Keine Wertpapier-Klassifizierung
ZCHF stellt keinen rechtlichen Anspruch gegen irgendjemanden dar – es gibt keinen Emittenten ausser dem Smart-Contract-Code, der die Mint-Funktion ausführt.
Nutzungsfreiheit
Die blosse Verwendung von ZCHF als Zahlungsmittel für den Erwerb von Waren oder Dienstleistungen unterliegt generell nicht dem Schweizer Finanzmarktrecht.
Frankencoin Pool Shares (FPS)
FPS qualifiziert als voll funktionsfähiger Utility Token gemäss FINMA-Richtlinien. Er ermöglicht den Zugang zu den Governance-Funktionen des Frankencoin-Systems (Abstimmung und Veto bei Positionen). Die Nutzung und der Austausch von FPS ist nicht unter dem Schweizer Finanzmarktrecht reguliert.
EU MiCA-Klassifizierung
Crypto-Asset ohne identifizierbaren Emittenten
Ein Rechtsgutachten von LEXR Germany Rechtsanwalts GmbH bestätigt, dass Frankencoin als Crypto-Asset gemäss der EU-Verordnung über Märkte für Kryptowerte (MiCA) qualifiziert. Aufgrund seiner dezentralen Natur gelten die regulatorischen Anforderungen, die typischerweise Stablecoin-Emittenten auferlegt werden, nicht.
Dezentrales Protokoll
ZCHF wird durch ein dezentrales Protokoll generiert, das nicht zentral von einer juristischen Person, einem Unternehmen oder einer natürlichen Person organisiert oder kontrolliert wird – es gibt keinen 'identifizierbaren Emittenten'.

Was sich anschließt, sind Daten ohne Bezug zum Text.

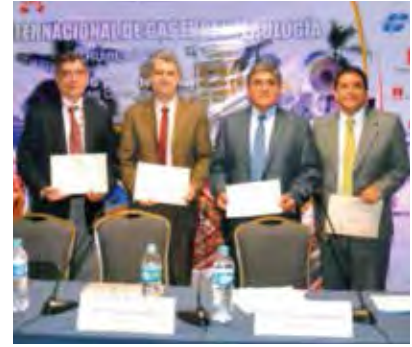
Figura 3. Arequipa 2013.

como de aquellos que trabajan en lugares alejados de la capital, y por la continua evolución y desarrollo de la endoscopia terapéutica, propuse la implementación de un local ad-hoc en nuestra sede institucional para que funcione allí un anfiteatro con capacidad para 45 personas donde pudieran llevarse a cabo este tipo de actividades.

Kein White Paper erforderlich
Die in MiCA Titel II, III und IV festgelegten Pflichten gelten nicht für ZCHF. Das bedeutet, es besteht keine Verpflichtung zur Erstellung eines Crypto-Asset-White-Papers.
Kein Finanzinstrument
ZCHF qualifiziert nicht als übertragbares Wertpapier oder Finanzinstrument gemäss MiFID II. Er repräsentiert weder Eigentum, Schulden noch Derivate.
CASP-Compliance
Crypto-Asset-Service-Provider, die Dienstleistungen im Zusammenhang mit ZCHF anbieten, unterliegen weiterhin MiCA, sind aber nicht verpflichtet, ein White Paper für ZCHF zu erstellen.
Zusammenfassung
Beide Rechtsgutachten bestätigen, dass Frankencoin frei für Zahlungen und Transaktionen verwendet werden kann. Das dezentrale, oracle-freie Design des Protokolls bedeutet, dass es ohne die regulatorischen Belastungen operiert, die typischerweise mit zentralisierten Stablecoin-Emittenten verbunden sind, während es gleichzeitig die vollständige rechtliche Compliance sowohl in der Schweiz als auch in der Europäischen Union aufrechterhält.
Haftungsausschluss
Die Informationen auf dieser Seite fassen unabhängige Rechtsgutachten zusammen und stellen keine Rechtsberatung dar. Es besteht weiterhin regulatorische Unsicherheit in Bezug auf dezentrale Finanzanwendungen. Bitte konsultieren Sie die Originaldokumente und suchen Sie professionelle Rechtsberatung für Ihre spezifische Situation.